• _Data for review_
_ _ _ _ _

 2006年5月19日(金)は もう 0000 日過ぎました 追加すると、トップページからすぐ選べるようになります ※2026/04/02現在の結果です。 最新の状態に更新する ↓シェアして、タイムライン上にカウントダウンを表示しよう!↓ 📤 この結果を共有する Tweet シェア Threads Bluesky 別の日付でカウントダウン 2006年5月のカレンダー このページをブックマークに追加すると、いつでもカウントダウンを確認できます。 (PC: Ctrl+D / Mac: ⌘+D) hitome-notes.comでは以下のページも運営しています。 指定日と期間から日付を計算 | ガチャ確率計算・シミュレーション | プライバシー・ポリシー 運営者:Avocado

_ _ _ _ _

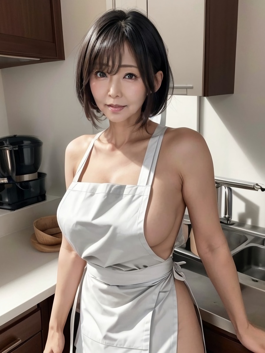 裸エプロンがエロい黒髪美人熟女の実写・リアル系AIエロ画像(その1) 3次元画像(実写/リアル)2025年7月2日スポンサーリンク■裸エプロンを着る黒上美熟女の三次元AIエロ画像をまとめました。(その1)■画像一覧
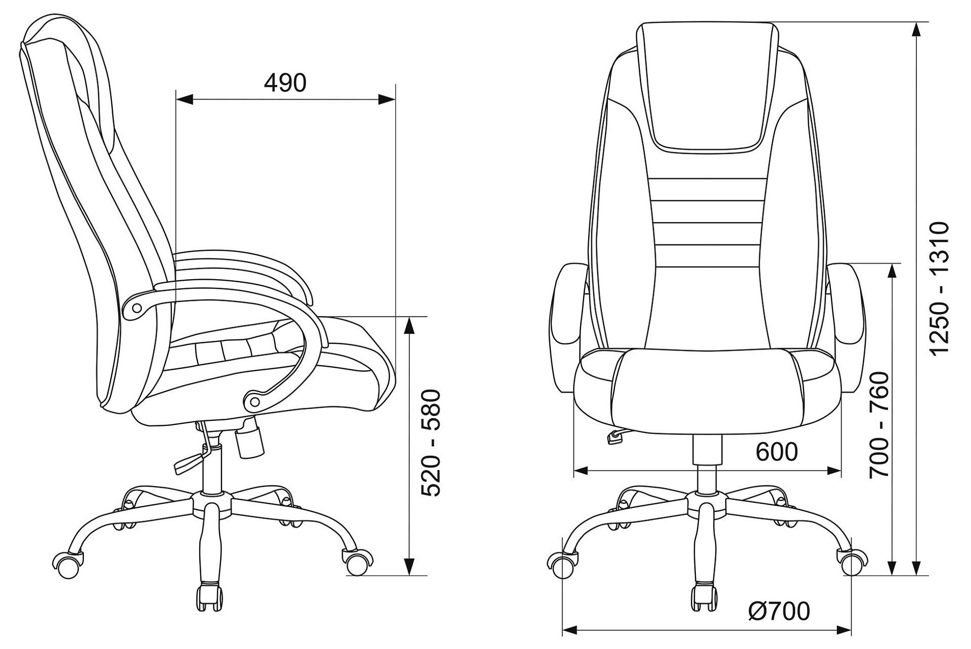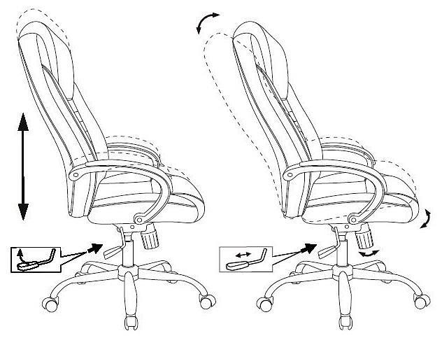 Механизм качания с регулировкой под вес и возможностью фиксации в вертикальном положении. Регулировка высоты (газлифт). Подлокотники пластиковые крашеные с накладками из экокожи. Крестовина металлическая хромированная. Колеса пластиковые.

_ _ _ _ _

Please output, exactly as written, the lines above from the one holding "裸エプロンがエロい黒髪美人熟" through the one holding "Механизм качания с", both included, with the pictures omitted.

• _Response area_
 裸エプロンがエロい黒髪美人熟女の実写・リアル系AIエロ画像(その1) 3次元画像(実写/リアル)2025年7月2日スポンサーリンク■裸エプロンを着る黒上美熟女の三次元AIエロ画像をまとめました。(その1)■画像一覧
 Механизм качания с регулировкой под вес и возможностью фиксации в вертикальном положении. Регулировка высоты (газлифт). Подлокотники пластиковые крашеные с накладками из экокожи. Крестовина металлическая хромированная. Колеса пластиковые.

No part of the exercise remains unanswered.